PyPI Python License Stars

Quick Start | Two Modes | Cloud Relay | Local AI | CLI | API | SDK | Architecture


What is Trio Core?

Trio Core is the open-source camera agent for Trio AI. It runs on your local network, discovers cameras via ONVIF, and either:

  1. Relays video to Trio Cloud for cloud ingest, analysis, and dashboards
  2. Runs AI locally for live monitoring, counting, and scene understanding on your own hardware
┌──────────────────────────────────────────────────────────┐
│  Your Network                                            │
│                                                          │
│  IP Camera ──RTSP──► Trio Core ──HTTPS──► Trio Cloud     │
│                      (this repo)         (paid, $99/cam) │
│                          │                               │
│                          └── or run AI locally           │
│                             (free, open source)          │
└──────────────────────────────────────────────────────────┘

Core capabilities:

  • Discover — Auto-find cameras on your network via ONVIF and resolve RTSP URLs
  • Monitor — Live RTSP camera analysis with watch prompts, object counts, and event digests
  • Relay — Stream RTSP, webcam, or video-file sources to Trio Cloud over HTTP MPEG-TS
  • Analyze — Run scene understanding on images and videos from the CLI or API
  • Serve — Expose local inference APIs for detection and description
  • Tailscale auto-proxy — Works through Tailscale networks automatically

Quick Start

# Install
pip install 'trio-core[mlx]'      # Apple Silicon local AI
pip install 'trio-core[cuda]'     # NVIDIA GPU local AI
pip install trio-core             # Discovery, relay, API

# Check your setup
trio doctor

# Discover cameras on your network
trio discover

# Start local monitoring (Apple Silicon default)
trio cam --rtsp rtsp://admin:pass@192.168.1.100/stream

# Or relay to Trio Cloud
trio relay --camera rtsp://admin:pass@192.168.1.100/stream \
           --token YOUR_TOKEN

Two Modes

Mode 1: Cloud Relay (Trio Cloud customers)

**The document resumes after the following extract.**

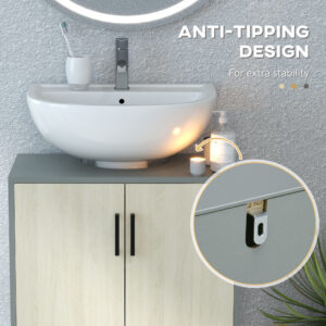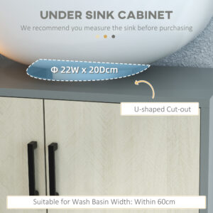Bring Farmhouse style into your bathroom, whilst saving space: look to this HOMCOM under sink bathroom cabinet. It comes with a ‘U’ shaped cut-out hole, which slots into the sink pipe. It features inner storage – a middle shelf which thus creates two handy areas for toiletries, towels, cleaning products are more. The four legs elevate the sink cabinet and make it easy to clean underneath. Complete with metal handles to open and close the doors easily.

Trio Core takes an RTSP stream, webcam, or video file, registers a camera with Trio Cloud, and pushes HTTP MPEG-TS to the cloud ingest endpoint. All AI processing happens in the cloud.

trio relay --camera rtsp://admin:pass@192.168.1.100/stream \
           --token YOUR_TOKEN

What Cloud does: session management → ingest → analysis → dashboard

Mode 2: Local AI (open-source users)

Run everything locally on your own machine. No cloud needed, no subscription.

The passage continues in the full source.